Каждое утро, а иногда и по вечерам Свистомозглые Суицидурни добредают до радарной хижины, крытой пальмовым листом, — глянуть, не появилось ли каких американских целей, достойных смертельного пике, где-нибудь в пределах их полетной дальности. Но всякий раз одно и то же. Старый Кэносё, сбрендивший радарщик, вечно заваривает себе это свое сакэ в отсеке с передатчиком — в дистилляторе, который подсоединил к трубке магнетрона своим адски-джапским методом, опровергающим всю западную науку, — едва ребятки появляются, этот старый пьяный подлец заходится карканьем:

— Сегодня не умилаем! Сегодня не умилаем! Извините, позалуста! — и тычет пальцем в пустые ИКО[389], где зеленые радиусы безмолвно обмахивают круг за кругом, таща за собой прозрачные паутины зеленого шампуня, сплошь засветка от поверхности на столько миль, что не долетишь, а роковой мандалы, от которой вздрогнут и забьются сердца, зеленого импульса авианосца, отраженного восьмикратно в круге эсминцевых росчерков, — ни шиша… нет, что ни утро — та же фигня: только случайный барашек да старый истерик Кэносё, который уже бьется на полу, давясь слюнями и языком, у него Припадок, нетерпеливо ожидаемая часть программы ежедневных визитов, и всякая судорога его старается переплюнуть предыдущую или, по крайней мере, добавить новый подвыверт — то сделает сальто назад в воздухе, то поглодает разок-другой сине-желтые ботинки Такэси с накладками из лакированной кожи, то хайку сымпровизирует:

Милый прыг в вулкан!

Десять футов глубиной

И не действует… —

а два пилота корчат рожи, хихикают и скачут по отсеку, уворачиваясь от бьющегося матерого оборванца — чего такое?
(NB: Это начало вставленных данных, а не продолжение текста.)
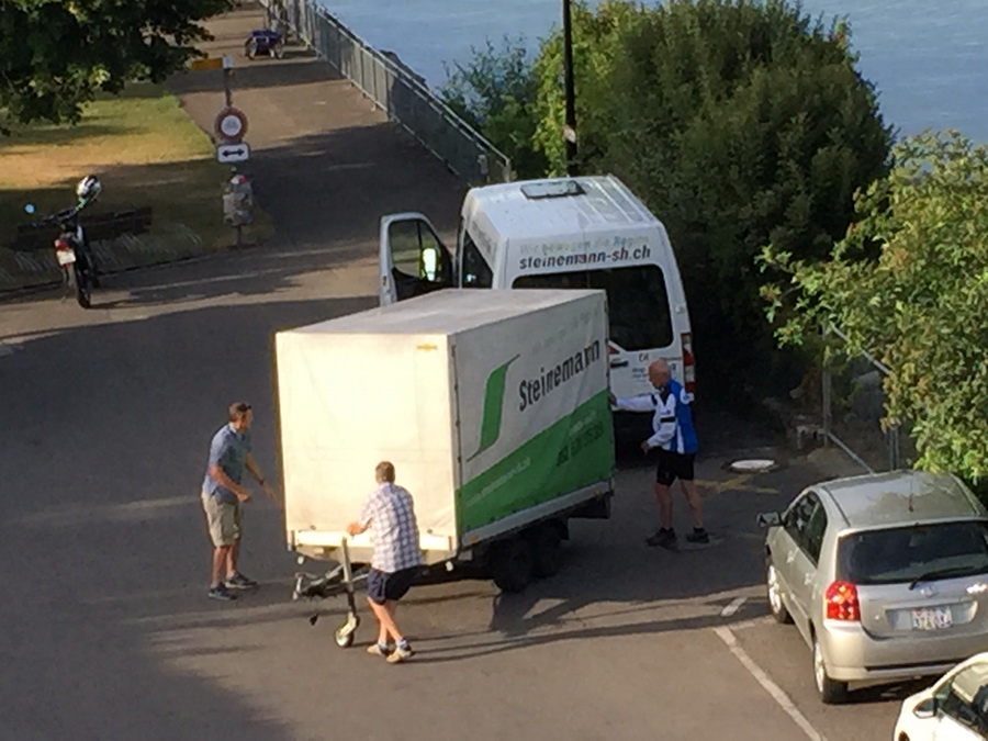 Bus und Anhänger werden in Abfahrtsposition gebracht |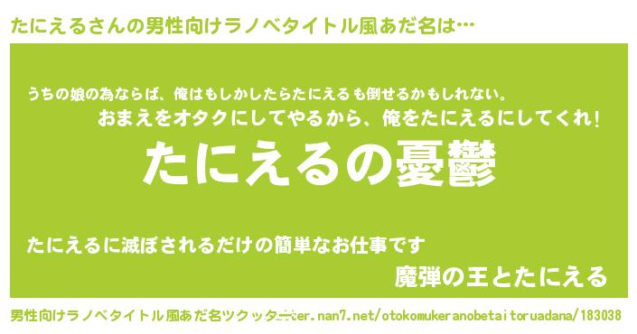 | 胡散臭い通販商品みたいなあだ名 | 『必ず成功するブレスレット…その名も「たにえる」』 |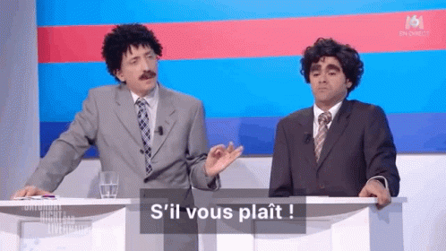 Jamel Debbouze and Gad Elmaleh in a comedic sketch, delivering lines with exaggerated expressions.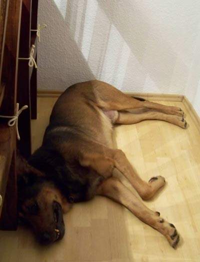 schläft und wartet brav unter meinem Tisch bis wir zusammen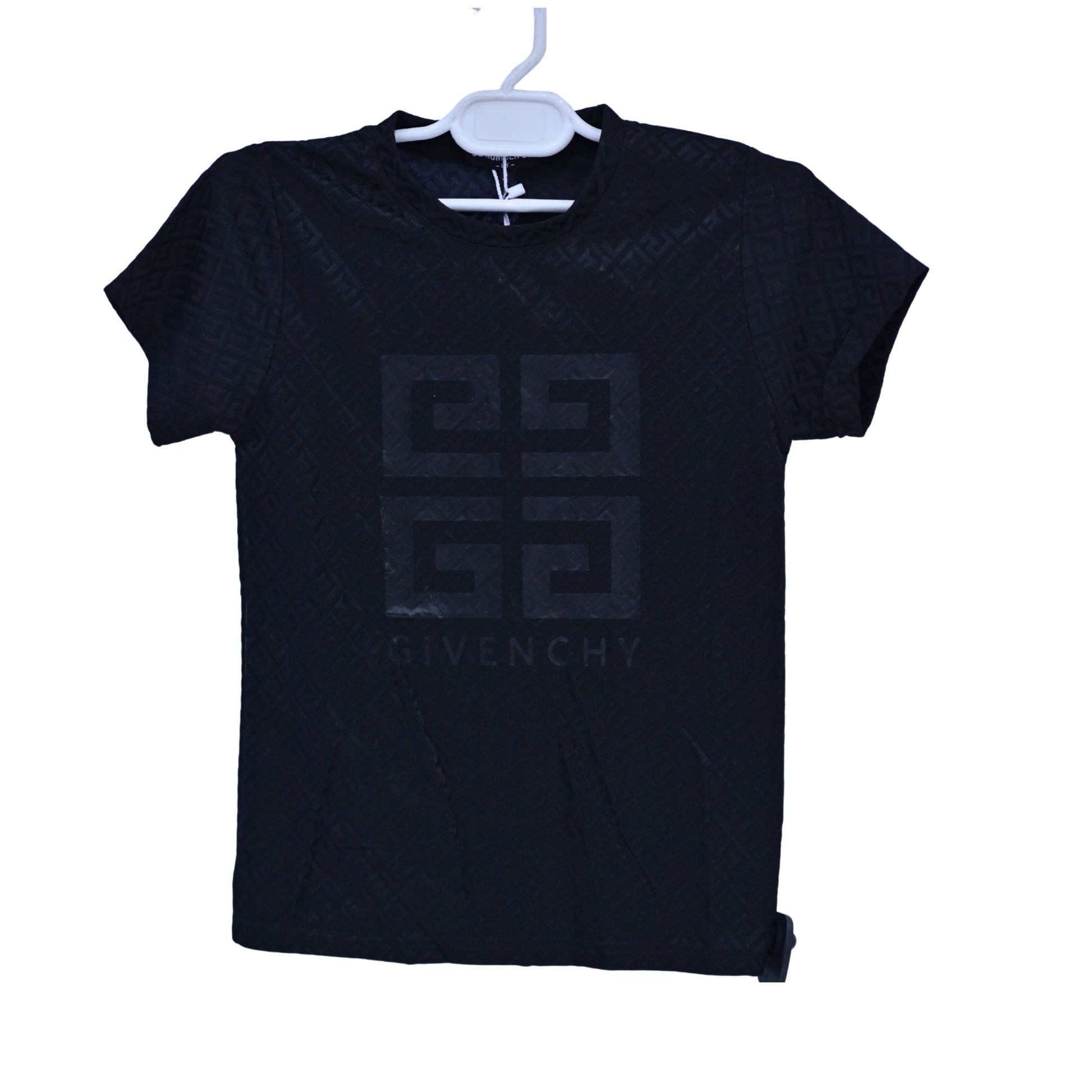Elevate your wardrobe with this sleek black t-shirt featuring a subtle all-over embossed pattern and a bold central logo inspired by the iconic Givenchy design. Made with premium fabric for a soft and comfortable fit, this tee combines luxury and minimalism. Perfect for casual chic outfits or layering under jackets for an upscale streetwear look.

Вам не понравилось хайку. Недостаточно эфемерное? Вообще не японское? Смахивает на голливудскую по-ебенъ? Что ж, капитан, — да, вы, капитан морской пехоты Эсберг из Паса-дины, — вас , только что, Озарило Тайной! (ахи и взрыв продромальных аплодисментов) и потому вы — наш Параноик… На Денъ! (оркестр разражается «Застегни свое пальто» либо иной уместно параноидальной бодрой песенкой, а изумленного состязуна буквально вздергивает на ноги и тащит в проход ведущий, который блестит лицом и играет желваками). Да, это кино! Очередная телекомедия положений из времен Второй мировой, и у вас есть шанс разобраться, что это такое на самом деле , потому что вы — выиграли (барабанная дробь, снова ахи, снова аплодисменты и свист) поездку в один конец на одного, все оплачено, на само место съемок, экзотический остров Блевко-Блядки! (оркестровая секция укулеле пускается тренькать репризу песенки для белого человека «Добро пожаловать на остров Блевко-Блядки», которую мы в последний раз слышали в Лондоне в адрес Гезы Рожавёльдьи) на гигантском «Созвездии» ТУЭ[390]! Ночи напролет вы будете отгонять москитов-вампиров от собственного горла! Вслепую блуждать под потоками тропических ливней! Выгребать крысиные какашки из водяного бачка рядового и сержантского состава! Но не только ночные шалопайства и восторги ждут вас, капитан, поскольку днем — подъем ровно в пять утра — вы станете знакомиться с «зеро» для камикадзэ, на котором полетите! вас будут экзаменовать по всем контрольным панелям, удостоверяться, что вы знаете, где именно бомба ставится на боевой взвод! И-хи-хи-и, разумеется, вы постараетесь не путаться под ногами — у этих двух Дурковатых Джапов, Такэси и Итидзо! когда они пускаются в свои умопоморительные еженедельные приключения, якобы не замечая вашего присутствия и откровенно зловещих последствий вашего распорядка дня…

УЛИЦЫ

Ленты изоляции повисли в утреннем тумане, а ночью луна вспыхивала и гасла будто сама по себе — так вкрадчив был туман на ветру, так незрим. Теперь же, когда ветер свежеет, черные затрепанные провода, тарахтя, как гремучие змеи, сыплют желтыми искрами под небом серым, точно шляпа. Надвигается день, и зелень стеклянных изоляторов мутится и блекнет. Деревянные столбы покосились и пахнут старостью — древесиной тридцатилетней выдержки. В вышине гудят черные как смоль трансформаторы. Можно подумать, напряженный предстоит денек. Неподалеку из дымки только-только проступают тополя.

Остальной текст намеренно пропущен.